Es dürfe auf keinen Fall der Eindruck entstehen, Deutschland und der EU gehe es nur um wirtschaftliche Interessen, betonte Nooke, der das Regime in Baku auf dem Weg in eine Diktatur sieht. Der Fall der beiden inhaftierten Bürgerrechtler werde die Beziehungen zu Aserbaidschan beeinflussen. Das aserbaidschanische Innenministerium und die Staatsanwaltschaft wiesen die Kritik ausländischer Diplomaten an der Festnahme unterdessen als Einmischung zurück.

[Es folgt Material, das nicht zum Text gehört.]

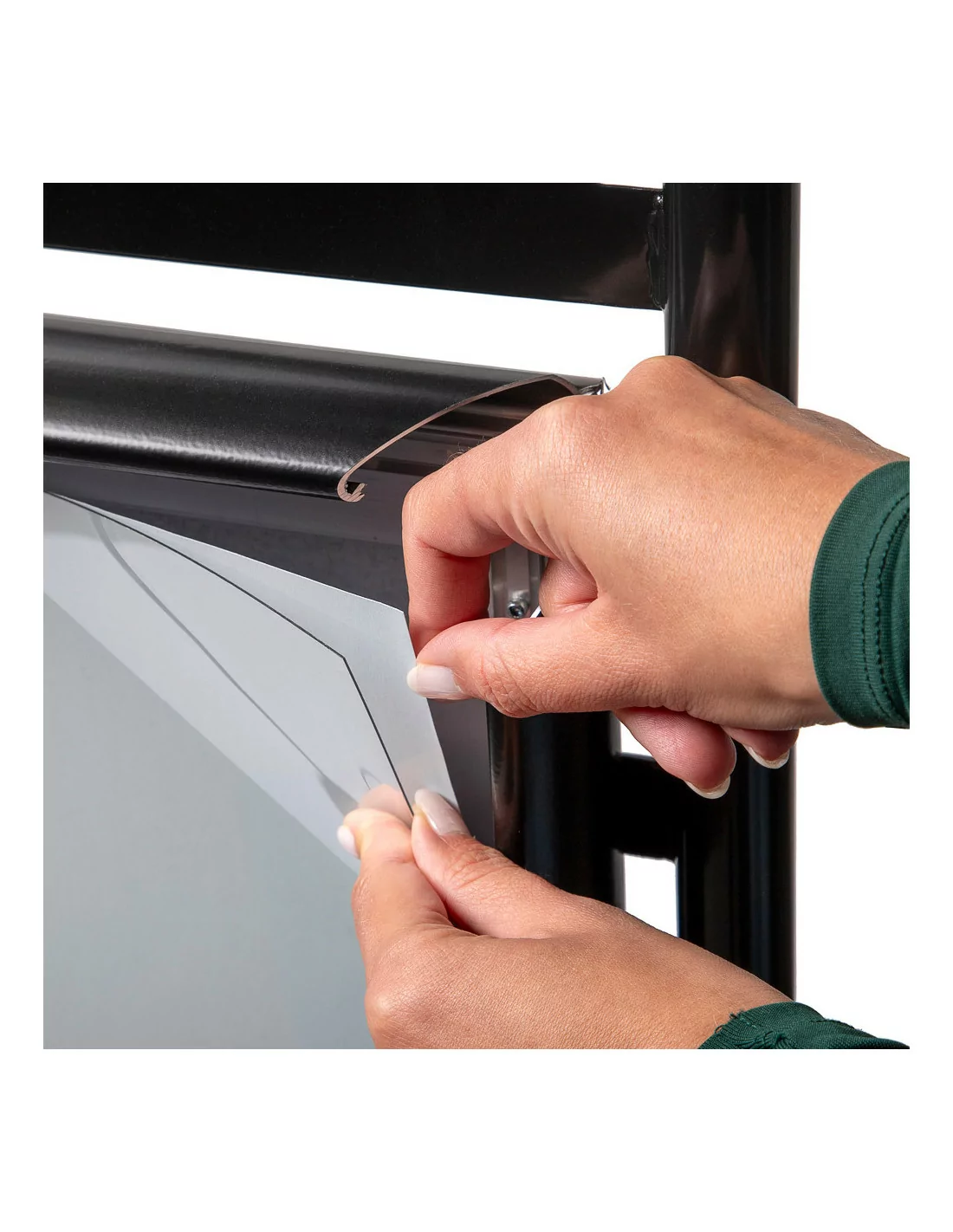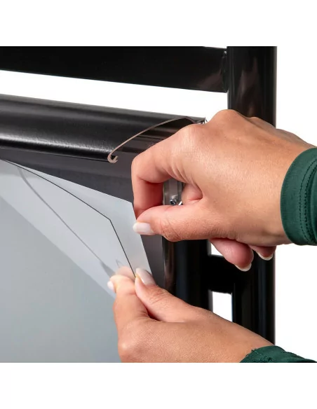 L’espositore Urban risponde all’esigenza di cambi stampa frequenti, motivo per il quale l’operazione di sostituzione della grafica risulta particolarmente semplice e veloce (senza attrezzi).

Aserbaidschan wird von Staatschef Ilham Alijew autoritär regiert. Im März sicherte er sich per Referendum das Recht auf eine unbegrenzte Amtszeit. Vor kurzem wurde ein Entwurf zu einem Gesetz vorgestellt, das die Arbeit von Nichtregierungsorganisationen im Land stark einschränken sollte. Nach massiven Protesten, auch aus dem Ausland, wurde das Gesetz etwas entschärft. Meinungs- und Pressefreiheit gibt es in Aserbaidschan nicht. Die Behörden gehen immer wieder gegen Journalisten vor.